Automatically Detecting Technical Debt Discussions with Machine Learning
TAGSArtificial Intelligence and Machine Learning Technical Debt Artificial Intelligence Engineering
Technical debt (TD) refers to choices made during software development that achieve short-term goals at the expense of long-term quality. Since developers use issue trackers to coordinate task priorities, issue trackers are a natural focal point for discussing TD. In addition, software developers use preset issue types, such as feature, bug, and vulnerability, to differentiate the nature of the task at hand. We have recently started seeing developers explicitly use the phrase "technical debt" or similar terms such as "design debt" or "architectural smells."

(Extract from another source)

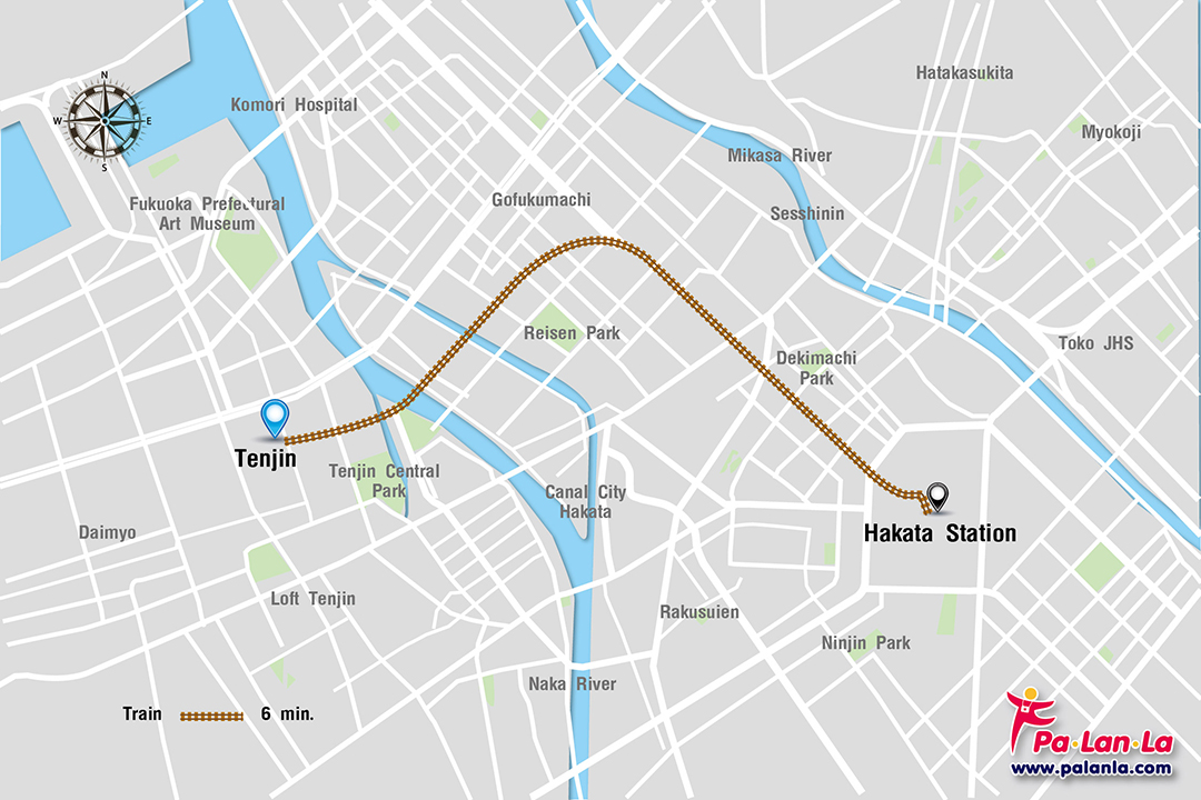 - รถไฟ จาก Hakata Station ให้ขึ้นรถไฟสาย Kuko Line ที่สถานี Hakata Station (K11) เพื่อไปลงที่สถานี Tenjin Station (K08) ระยะทางประมาณ 3 กิโลเมตร ใช้เวลาเดินทางประมาณ 6 นาที ก็จะถึงย่านเทนจิน

Although developers often informally discuss TD, the concept has not yet crystalized into a consistently applied issue type when describing issues in repositories. Application of machine learning to locate technical debt issues can improve our understanding of TD and help develop practices to manage it. In this blog post, which is based on an SEI white paper, we describe the results of a study in which machine learning was used to quantify the prevalence of TD-related issues in issue trackers. Although more work is needed, the study achieved promising results in producing a classifier that automatically determines whether a ticket in an issue tracker relates to TD. Our results suggest the need to designate a new technical debt issue type for technical debt to raise visibility and awareness of TD issues among developers and managers.
Results of The Study
Our machine-learning engine for automatically detecting TD extensively uses text mining, which is an approach increasingly used in software engineering studies that focus on classifying bugs. Text mining has been found to improve both bug-classification accuracy and problem-report classification. We manually labeled references to TD for 1,934 tickets in the Chromium issue tracker to determine whether the discussions in each ticket indicated TD. We used these labels to train by means of machine learning a classifier to identify unlabeled tickets and estimate labels for an additional 475,000 tickets. Our classifier significantly outperforms key-phrase search. We concluded that discussion of TD appears in about 16 percent of the tracked Chromium issues. In more detail, our contributions are as follows:
- 441 of the 1,934 labels we generated from the Chromium issue tracker show strong evidence of TD. These labels are now publicly available to support future research.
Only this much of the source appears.